We aren't disagreeing much. In my previous message, I said that a it would
be good to standardize current practice, but that I'd like to see
improvements go on the XML path.

> 
> Having said which, I agree that XML is potentially a better 
> basis for an
> interchange mechanism - at least as regards textual data (I'm 
> not so sure
> how it would cope with non-textual values).

It has provisions for non-text values.

 It has nicer ways 
> of delimiting
> entries and handling attributes, and it can cope with 
> non-ASCII character
> encodings. It would be particularly strong for textual 
> information if the
> major word processors were able to work well in XML-native 
> mode. This is a
> hurdle that they couldn't quite jump for SGML, but perhaps XML is
> sufficiently simpler that they can do it.
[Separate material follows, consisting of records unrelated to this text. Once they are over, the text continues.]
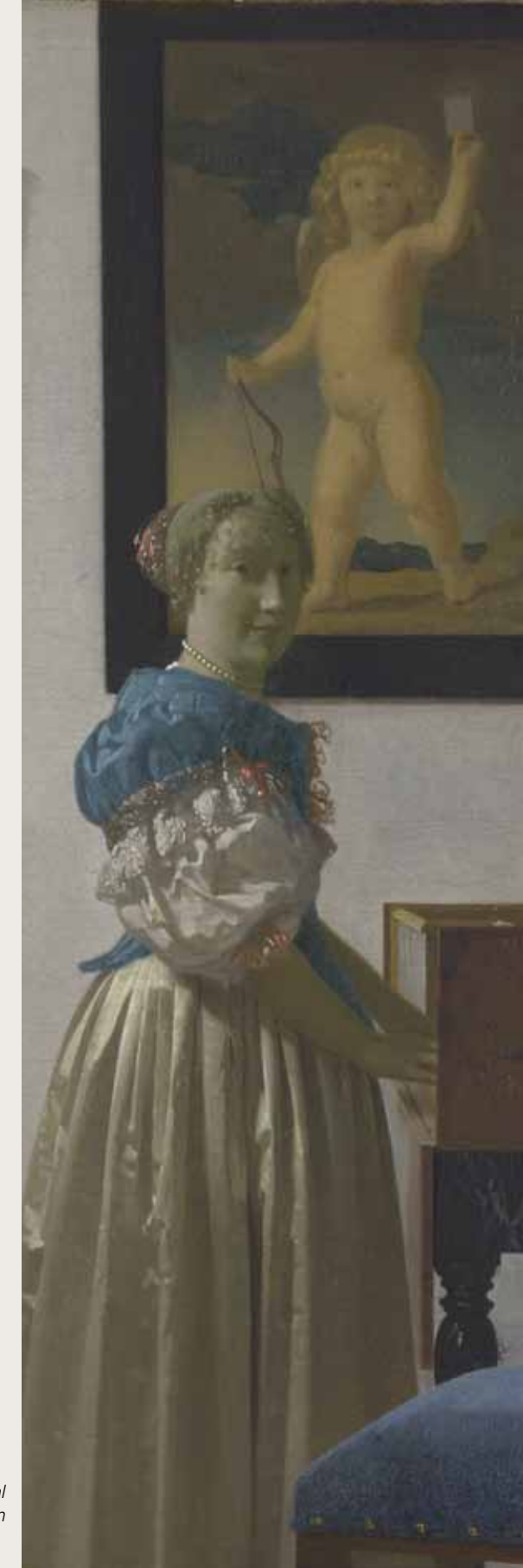
Johannes Vermeer, A Young Woman Standing at a Virginal (c. 1670–72)

The donor will also be honoured at UCL through a special inaugural event, announcement of the gift to international media, and membership of the Chair of Council's Circle.
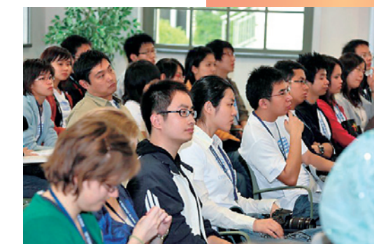
3 rd Student World Forum (Chemnitz, June 2009)
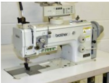
Brother Model LT2-B892 2 Needle Walking Foot Full Automatic, Electric/Air $1,995.00
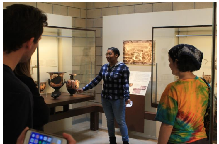
Presentation at the Archaeological Museum of Thebes
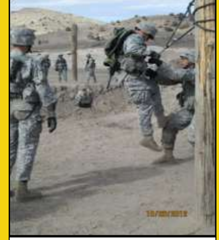
Cadets crossing rope bridge they built.

On October 20th, 2012 twenty two Cadets from ASU Army ROTC traveled to Camp Williams, UT to compete against twenty one other schools in the 13th Annual 5th Brigade Ranger Challenge. Ranger Challenge is a competition held across the country by all eight ROTC Brigades to test Cadets' proficiency in military skills such as road marching, land navigation, tactical combat casualty care, MEDEVAC procedures, marksmanship, weapons assembly and dis-assembly, and problem solving. It is a recognized varsity sport at many universities around the country and is designed to mirror the US Army's Annual Best Ranger. Competition.
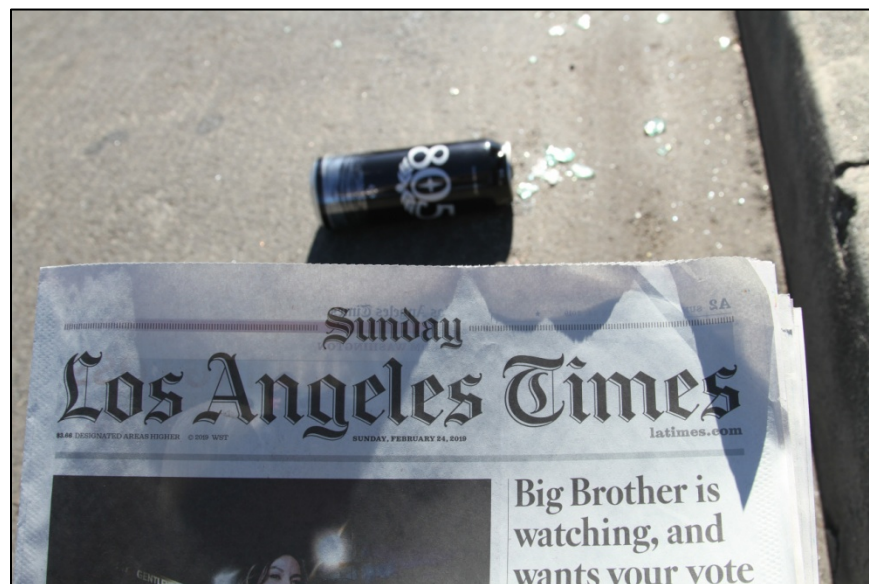
Figure 1. A can of 805 beer is in front of a single-family home in Arleta. February 24, 2019.

The Mayor's Office, City Council, and its Committees must maintain the current CUB entitlement process, implement an expedited revocation process for nuisance ABC establishments, hire more code enforcement officers, and have an opt-out program for communities that do not wish to participate in RBP should the standards get adopted despite the opposition to them here, and require a public hearing requisite for all CUB applicants.
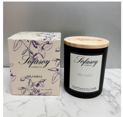
(SO12) SCENT - BRAMBLE
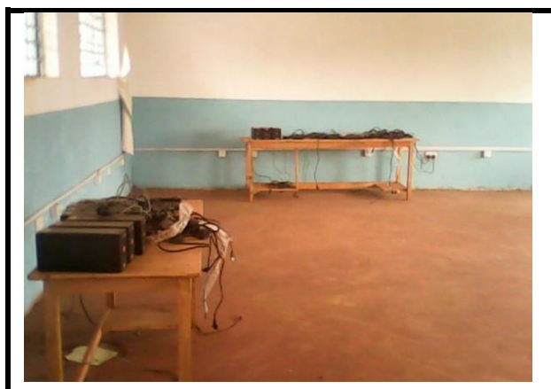
Photograph 4.2: A photograph showing a vandalized computer lab

On the other hand, on observation, some computer labs in some schools had been vandalized as shown in Photograph 4.2.
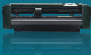
Desktop Model (D60-R only)
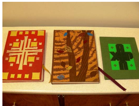
Photo 6. Book of the Gospels, Lectionary book and Prayer of the Faithful folder for use during weekend and Feast Day liturgies.
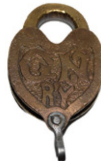
GPNRY CAST LOCK
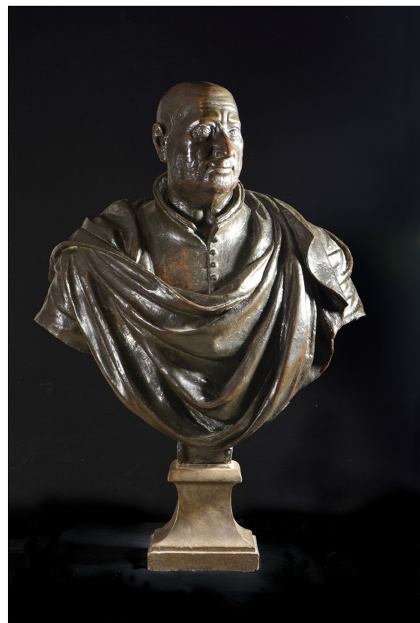
Fig. 10: Portrait of Francesco del Nero (here referred as 2nd bronze version).

Michelangelo, as Charles Davis rightfully notes in his paper investigating the probable Bartolomeo Ammannati participation in the tomb design. 45 The more harmonious design of Michelangelo's drapery details is much closer in execution to the marble bust of Del Nero on the tomb and not to its bronze counterpart. The awkward stand-up collar of the latter looks like a simplification in comparison, made by a less-than-stellar copyist for reasons of practicality – simpler cast shape, easier casting process.

Like MS Office 2000? Its native document formats are XML.

> 
> As regards transformation of data from existing 'phone books 
> etc., XML is
> at present much less easy to work with than the LDIF format. This is a
> matter of the right tools being developed (I understand that 
> there are some
> PERL-based ones for SGML which probably work on XML also) and 
> of people
> gaining familiarity with them.
> 
> So perhaps there should be discussion on an XML format, 
> leading to Internet
> drafts and trial implementations, with a standard in prospect 
> in a couple
> of years' time?

I don't think it should take that long. If we were inventing a new
representation, I'd agree. But XML exists, and almost by definition, the XML
representation has to totally preserve the semantics of the ASN.1
representation. That reduces the task to one one of describing the rules for
making said transformations: non-trivial, but clearly easier than both
inventing a new representation _and_ creating such transformation rules.